WHAT TO WORK ON ▸
Copy the lines of the data below exactly, starting at the first and stopping after the line that contains "Red and pastel female high-heeled shoes"; include no pictures.

TASK INPUTS ▸
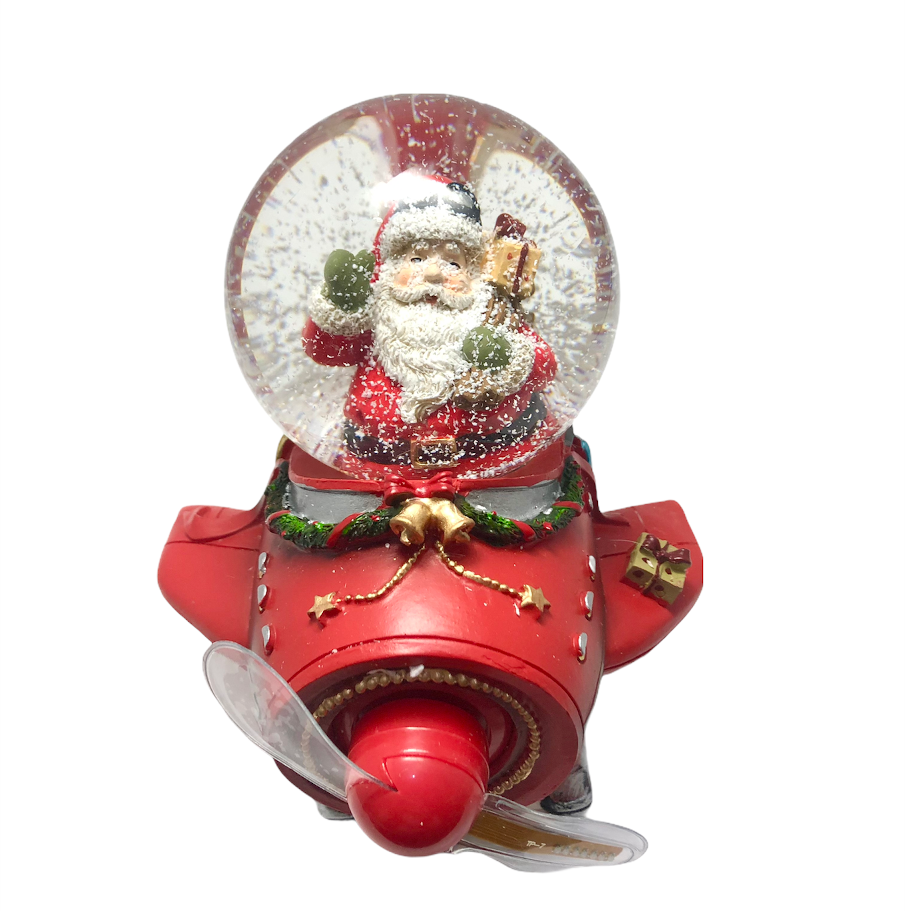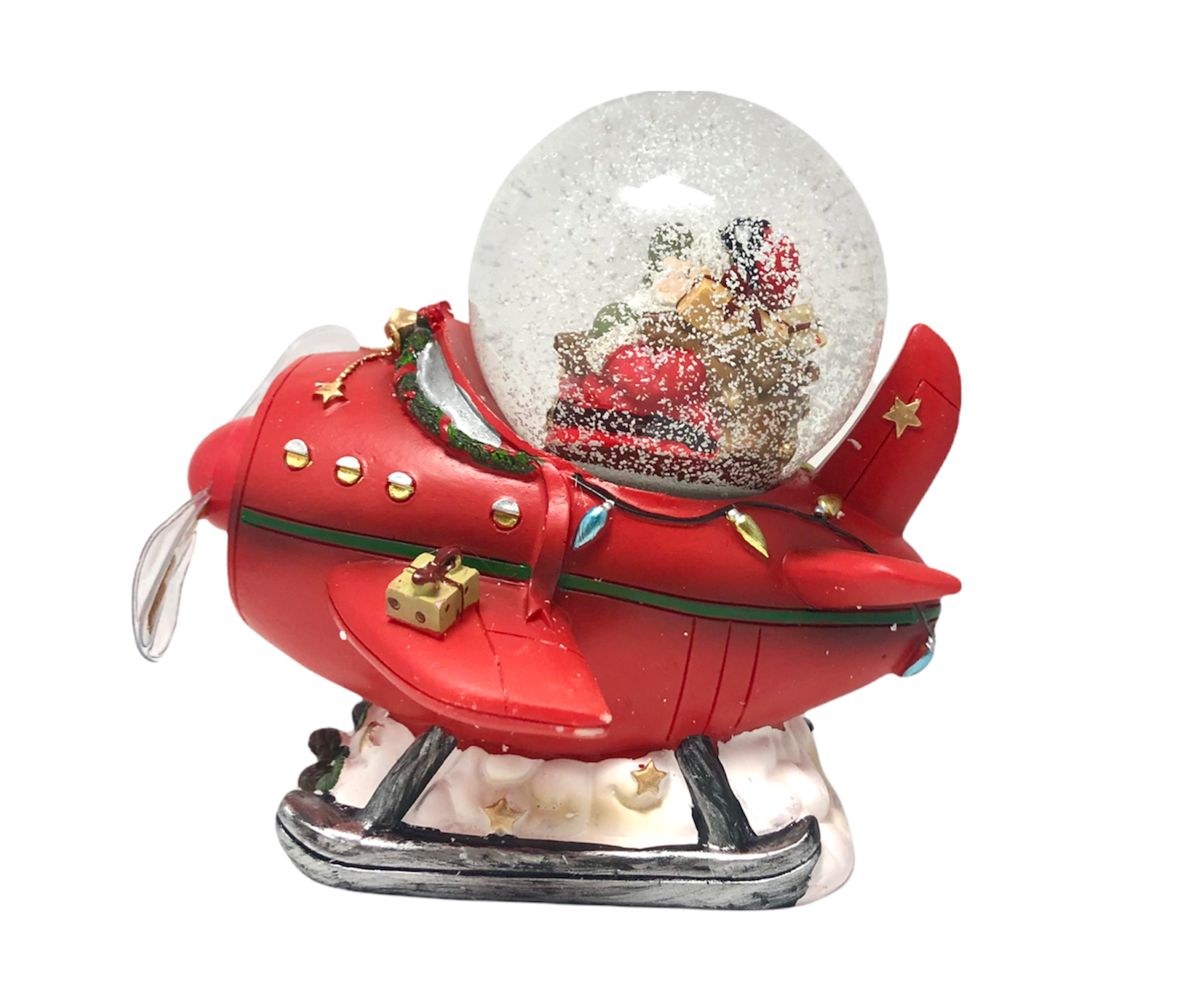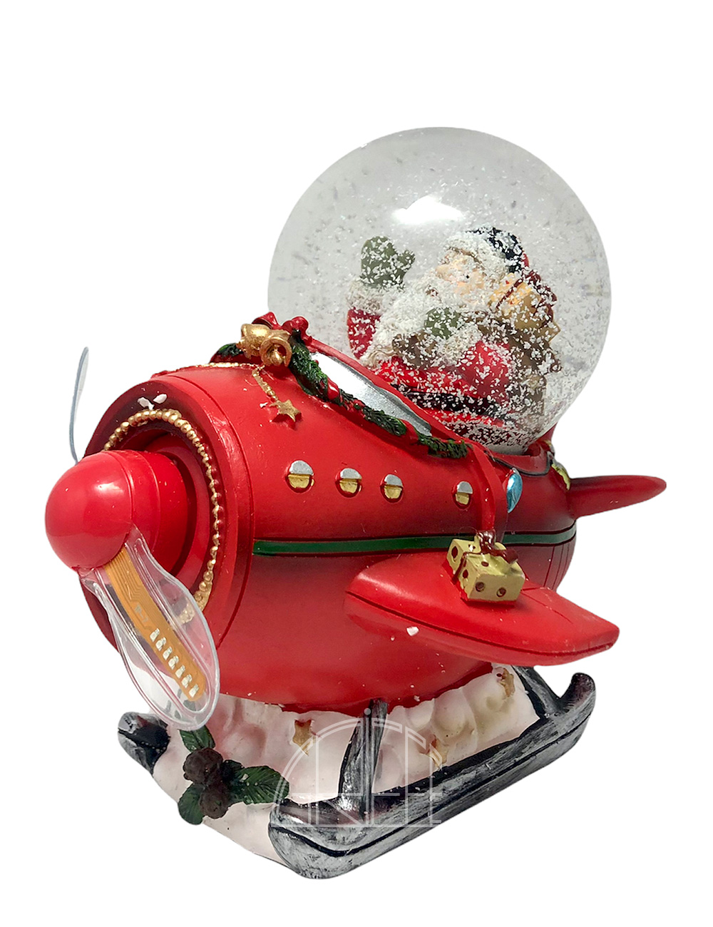 Sfera Boule Vetro Neve su Aereo Rosso con Led
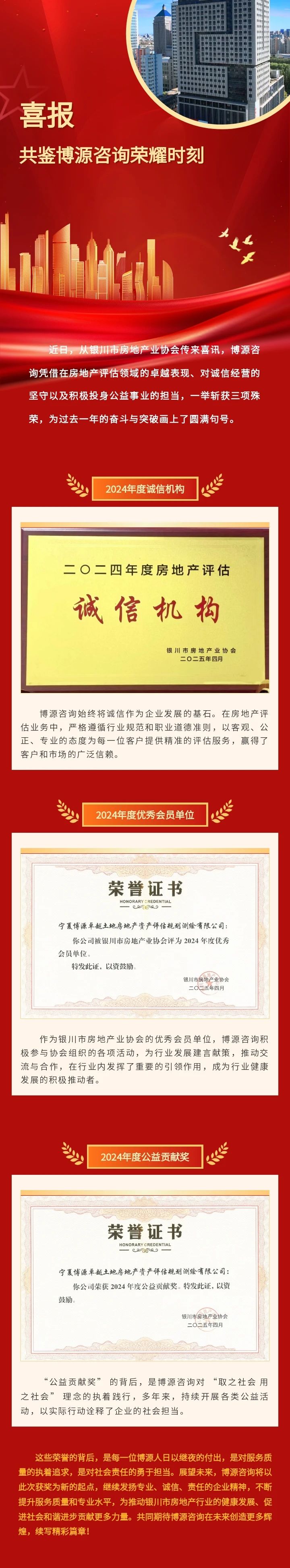 【机构动态】博源咨询荣获2024年度银川市房地产业协会三项殊荣
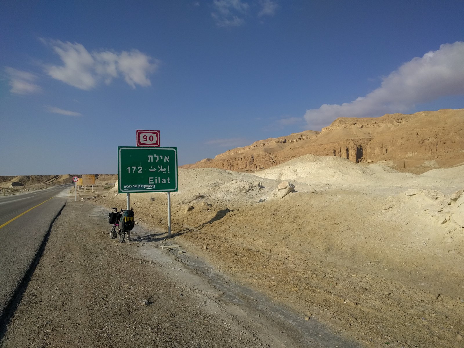 My time in Palestine ended with a ride from the Golan Heights in occupied Syria at the headwaters to the Jordan river down to the Red Sea at Eilat–400 km away. I cycled from the mountains to the Dead Sea and continued south through the Negev desert.
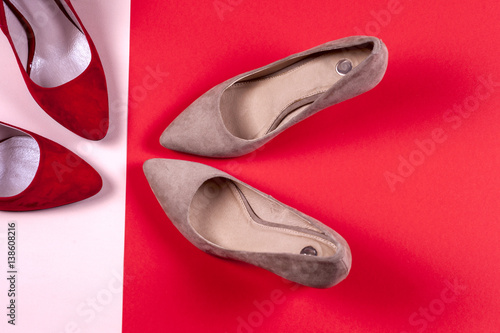 Red and pastel female high-heeled shoes
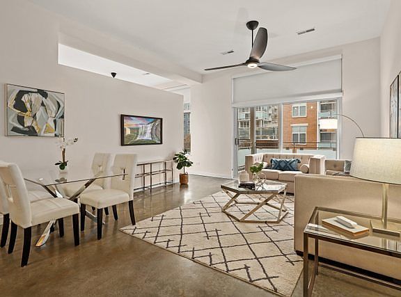 Welcome home to your dream condo, ideally located in a boutique elevator building in the heart of the coveted West Loop! This stunning two bedroom, two bathroom corner unit is the epitome of urban living. The spacious open floor plan, with 11' ceilings, polished concrete floors, and floor-to-ceiling windows, is perfect for entertaining. The beautifully updated chef's kitchen boasts white quartz counters, high-end stainless steel appliances, 42" flat panel cabinets, upgraded sink & faucet, and a large breakfast bar which opens to a living/dining room flooded in natural light from the west-facing windows overlooking your private balcony. Relax in the oversized primary bedroom, complete with two walk-in closets, a gorgeous south-facing bay window perfect for a peloton or office nook, and a spa-like en-suite bathroom featuring a double vanity with updated quartz counters, plumbing and fixtures! The generous second bedroom is perfect for a guest room or larger home office. Other features of this luxurious home include a second full bathroom with storage cabinet, an upgraded LG front-loading in-unit washer/dryer, and a Google Nest ecosystem that through the Nest app controls the smart fans located in every room, the HVAC system, and the Nest Protect smoke/carbon monoxide alarm. A huge storage unit is included in the price, and a tandem 2-car heated garage parking spot is available for an additional $35K. Prime location convenient to transit, the loop, the United Center, Mary Bartelme Park, SoHo House, Marianos, Whole Foods, and some of the best dining, shopping, and entertainment the city has to offer - not to mention the upcoming $2.9MM Madison Streetscape beautification project which will only add more value to this already incredible neighborhood. Don't miss this opportunity to own a piece of the vibrant West Loop - schedule your showing today!

RESULT OF THE TASK ▸
 Sfera Boule Vetro Neve su Aereo Rosso con Led
 【机构动态】博源咨询荣获2024年度银川市房地产业协会三项殊荣
 My time in Palestine ended with a ride from the Golan Heights in occupied Syria at the headwaters to the Jordan river down to the Red Sea at Eilat–400 km away. I cycled from the mountains to the Dead Sea and continued south through the Negev desert.
 Red and pastel female high-heeled shoes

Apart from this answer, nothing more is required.